Not that I've seen. Did you do a google search?


----------



## SuckMyCichlids (Nov 5, 2011)

I've seen a kit from api that comes with all of their tests, tubes, and a toolbox type case for like 60 bucks so I wouldnt think it would be worth it, it you already have the master kit then get a gh/kh test kit, its both in one for around 8-10 bucks


----------



## jrman83 (Jul 9, 2010)

Price-wise, since the API master can be had for a little over $20 here in the states, I don't think you will do much better than buying the master kit and then the separate gh/kh test kit.

Nutrafin makes an all-in-one kit so-to-speak that also test iron, but it is about $75. I believe there is at least one other big kit out there, but I can't think of the name right now. Although if memory serves, it was also a little pricey.


----------



## King James (Jan 30, 2012)

I saw one a couple days ago at LFS - it was the API Master Testing kit and it was $42.95. I am located in NW USA.


----------



## snail (Aug 6, 2010)

navigator black said:


> I'm looking to buy several water testing kits for a school project (like most school budgets, I have a tight one). I looked at the API master freshwater kit, but while it's great on nitrite/nitrate/ammonia, it does not offer general or carbonate hardness. Would I need to buy separate hardness tests, or is there a master kit by a competitor that offers the extras I'd need?


I would ask why you want the GH, KH tests? Depending on what type of tank you are setting up you may not need more than the API Master kit. It's not that tests for water hardness can't be useful but for a beginner with a normal fresh water community tank that you do regular water changes on I think you'll do fine without them. Ammonia, nitrite, and nitrate are the most useful and pH will help you get enough of an idea of whats going on with water hardness unless you are attempting something more specialized. Some may have a different opinion but I would say to use your money elsewhere unless of course you want them for educational purposes.


----------



## bigcountry10 (Sep 24, 2011)

you can get the API freshwater master test kit from pet mountain for 17 bucks, just snaged it the other day, cheapest i've found it.


----------



## King James (Jan 30, 2012)

bigcountry10 said:


> you can get the API freshwater master test kit from pet mountain for 17 bucks, just snaged it the other day, cheapest i've found it.

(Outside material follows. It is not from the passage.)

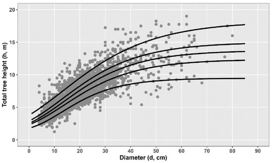 The QR models were developed using the nonlinear programming (NLP) procedure in SAS [65]. If a plot contains only one observed tree height (m = 1), the objective is to generate two QR curves that closely approximate this observed tree height. If is covered by the kth and (k + 1)th quantile regressions, i.e., , a modified h–d curve which passes along that point is created by interpolation:

Some of the best buys I have gotten are from above supplier, never thought of them. That is screaming good deal as I just bought a nitrite test kit and it was almost $10 alone as same LFS which is a super good store and I buy most everything from them and try to support them as they have been around over 45 years now and local knowledge too.


----------



## navigator black (Jan 3, 2012)

It's for a pond project we are planning. There is a courtyard in the centre of the school with a battered old pond. We got a small grant to bring the pond around.
For the past two years, it has been a summertime habitat for a colony of Ameca splendens, a critically endangered or possibly extinct in nature Mexican Goodeid. They've been breeding out there all summer (I started with five and now have around 100 adults distributed in schools), then I bring them in to tanks in our school and others in the region, and use them to teach about ecology, extinction, etc. It seems more real when the kids can see and care for the animal that has had its habitat pulled out from under it.
This year, with stripping the pond down and building a filter, the cycle is a big part of the lesson, but the relationship of our target fish to the habitat is also part of it. It's not much use teaching about the keeping of a fish without looking at its evolution in relation to its habitat, and our fake habitat is going to take some doctoring.

This is an extreme hard water fish, with an extreme soft water supply coming from the hose. We're going to be experimenting with water hardening through the filter and through the substrate, and monitoring how it changes with time. The first project is bringing around a largely eutrophied pond and building a pond filter. I've been running a prototype, mini-version on my classroom 75 gallon, with great success. 

I'll probably go with a few of the standard kits, and a hardness kit on the side. The more tests the kids have to do, the more they feel like mad scientists...


----------



## luresaregood (Mar 4, 2012)

Just a comment to say how important it is that you are bringing this info to the younger generation. Keep up the good work.


----------



## majerah1 (Oct 29, 2010)

Gary I cant suggest any test kit,as the ones ive always seen are listed,minus the tetra test kit.Laborett Kit - Tetra Test Kits

Not sure on the accuracy,ive never used it,or the availability in Canada either.

I myself am working with endangered fish,as you know so I wanted to say its a good thing to have others focusing on a reason to keep a species up!Glad the students are enjoying it,and its an awesome learning experience to actually see IRL the actual species whose in danger.


----------



## Summer (Oct 3, 2011)

This is such an awesome project! I hope my kids have great teachers like you throughout their school years. Thank you.


----------



## King James (Jan 30, 2012)

We need more educators such as yourself in this world......awesome project you are undertaking and I think how fun it would have been to have a teacher like you when I was a student. (many years ago....lol)


----------



## navigator black (Jan 3, 2012)

Thanks everyone, but having a good fish-based idea doesn't make me a good teacher - I'm an English teacher!

People are good. I dropped by a local store this afternoon to find out about prices for bulkheads for the filter we're building. I was talking over technical details with the owner, when he suddenly told me to hang on, and returned with a hardly used 1000 gph pond pump. He wouldn't take a cent for it, since it was to teach kids. Is that not cool?


----------



## Summer (Oct 3, 2011)

Thats amazing! Good luck, and I hope you'll share pictures as it comes together!


----------



## hanky (Jan 18, 2012)

IMO the fact that your an English teacher taking on a project outside your professional realm and getting the kids involved too makes you even more of a teacher. Hats off to ya and best of luck to all of you's.


----------



## jbrown5217 (Nov 9, 2011)

This is an awesome thing to be doing and I wish you luck


----------



## snail (Aug 6, 2010)

navigator black said:


> This is an extreme hard water fish, with an extreme soft water supply coming from the hose. We're going to be experimenting with water hardening through the filter and through the substrate, and monitoring how it changes with time.


Ah yeh, in that case the tests for hardness are a good idea, I get it now.

Sounds like a great project, Would love to see pics.


----------



## Gizmo (Dec 6, 2010)

navigator black said:


> It's for a pond project we are planning. There is a courtyard in the centre of the school with a battered old pond. We got a small grant to bring the pond around.
> I'll probably go with a few of the standard kits, and a hardness kit on the side. The more tests the kids have to do, the more they feel like mad scientists...


+100

I used to have science experiments like that in 5th grade and I remember them as some of my best elementary education exercises EVER. I'm very happy to hear there's a few good teachers out there still.


----------